

Simulation models

PySurvival can generate random survival times based on the most commonly used distributions such as:

Exponential
Weibull
Gompertz
Log-Logistic
Lognormal

Instance

To create an instance, use pysurvival.models.simulations.SimulationModel.

Attributes

alpha: double -- the scale parameter
beta: double -- the shape parameter
censored_parameter: double -- coefficient used to calculate the censored distribution.
risk_type: string -- Defines the type of risk function.
risk_parameter: double -- scaling coefficient of the risk score
survival_distribution: string -- Defines a known survival distribution.
times: array-like -- representation of the time axis of the model
time_buckets: array-like -- representation of the time axis of the model using time bins, which are represented by $[ t_{k-1}, t_k )$

API

__init__ - Initialization

SimulationModel( survival_distribution = 'exponential', risk_type = 'linear',
                 censored_parameter = 1., alpha = 1, beta = 1., bins = 100,
                 risk_parameter = 1.)

Parameters:

survival_distribution: string (default = 'exponential') -- Defines a known survival distribution. The available distributions are:
- Exponential
- Weibull
- Gompertz
- Log-Logistic
- Log-Normal
risk_type: string (default='linear') -- Defines the type of risk function: - Linear - Square - Gaussian
censored_parameter: double (default = 1.) -- Coefficient used to calculate the censored distribution.
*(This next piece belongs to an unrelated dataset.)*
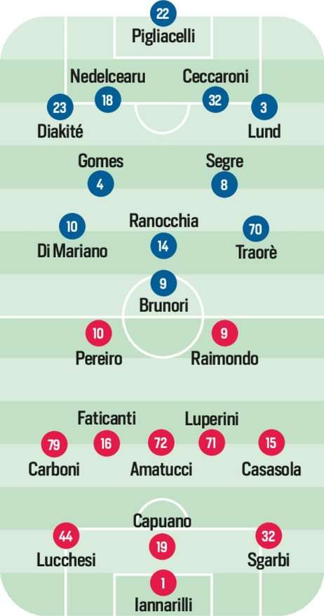 All.: Breda. A disp.: 18 Vitali, 22 Franchi, 3 Zoia, 4 Sorensen, 5 Boloca, 6 Dalle Mura, 8 de Boer, 25 Labojko, 66 Pyyhtia, 73 Marginean, 17 Favilli, 28 Distefano, 65 Dionisi. Ind.: Viviani, N’Guessan, Zuberek, Favasuli. Diff.: Favilli, Lucchesi. Ultime: C hance per Faticanti (o de Boer e Marginean) e Raimondo per Favilli. TERNANA 3-5-2

This distribution is a normal such that N(loc=censored_parameter, scale=5)
alpha: double (default = 1.) -- the scale parameter
beta: double (default = 1.) -- the shape parameter
bins: int (default=100) -- the number of bins of the time axis
risk_parameter: double (default = 1.) -- Scaling coefficient for the risk score which can be written as follow:
- linear: $r(x) = \exp(x \cdot \omega)$
- square: $r(x) = \exp( \text{risk_parameter} *(x \cdot \omega)^2)$
- gaussian: $r(x) = \exp \left( e^{-(x \cdot \omega)^2*\text{risk_parameter}} \right)$

generate_data - Generating a dataset of simulated survival times from a given distribution through the hazard function using the Cox model

generate_data(num_samples = 100, num_features = 3, feature_weights=None)

Parameters:

num_samples: int (default=100) -- Number of samples to generate
num_features: int (default=3) -- Number of features to generate
feature_weights: array-like (default=None) -- list of the coefficients of the underlying Cox-Model. The features linked to each coefficient are generated from random distribution from the following list:
- binomial
- chisquare
- exponential
- gamma
- normal
- uniform
- laplace
If None then feature_weights = [1.]*num_features

Returns:

dataset: pandas.DataFrame -- dataset of simulated survival times, event status and features

predict_hazard - Predicts the hazard function $h(t, x)$

predict_hazard(x, t = None)

Parameters:

x : array-like -- input samples; where the rows correspond to an individual sample and the columns represent the features (shape=[n_samples, n_features]). x should not be standardized before, the model will take care of it
t: double (default=None) -- time at which the prediction should be performed. If None, then it returns the function for all available t.

Returns:

hazard: numpy.ndarray -- array-like representing the prediction of the hazard function

predict_risk - Predicts the risk score $r(x)$

predict_risk(x)

Parameters:

x : array-like -- input samples; where the rows correspond to an individual sample and the columns represent the features (shape=[n_samples, n_features]). x should not be standardized before, the model will take care of it

Returns:

risk_score: numpy.ndarray -- array-like representing the prediction of the risk score

predict_survival - Predicts the survival function $S(t, x)$

predict_survival(x, t = None)

Parameters:

x : array-like -- input samples; where the rows correspond to an individual sample and the columns represent the features (shape=[n_samples, n_features]). x should not be standardized before, the model will take care of it
t: double (default=None) -- time at which the prediction should be performed. If None, then return the function for all available t.

Returns:

survival: numpy.ndarray -- array-like representing the prediction of the survival function

Example

Let's now see how to generate a dataset designed for survival analysis.

import pandas as pd
from pysurvival.models.simulations import SimulationModel
%pylab inline

# Initializing the simulation model
sim = SimulationModel( survival_distribution = 'gompertz',
                       risk_type = 'linear',
                       censored_parameter = 5.0,
                       alpha = 0.01,
                       beta = 5., )

# Generating N Random samples
N = 1000
dataset = sim.generate_data(num_samples = N, num_features=5)

# Showing a few data-points
dataset.head(2)

We can now see an overview of the data:

x_1	x_2	x_3	x_4	x_5	time	event
3.956896	124.0	0.018274	57.480199	-5.42258	0.024329	1.0
4.106100	117.0	0.111276	51.770875	4.105588	0.175530	1.0

PySurvival also displays the Base Survival function of the Simulation model:

from pysurvival.utils.display import display_baseline_simulations
display_baseline_simulations(sim, figure_size=(20, 6))

PySurvival - Simulations model - Base Survival function of the Simulation model

Figure 1 - Base Survival function of the Simulation model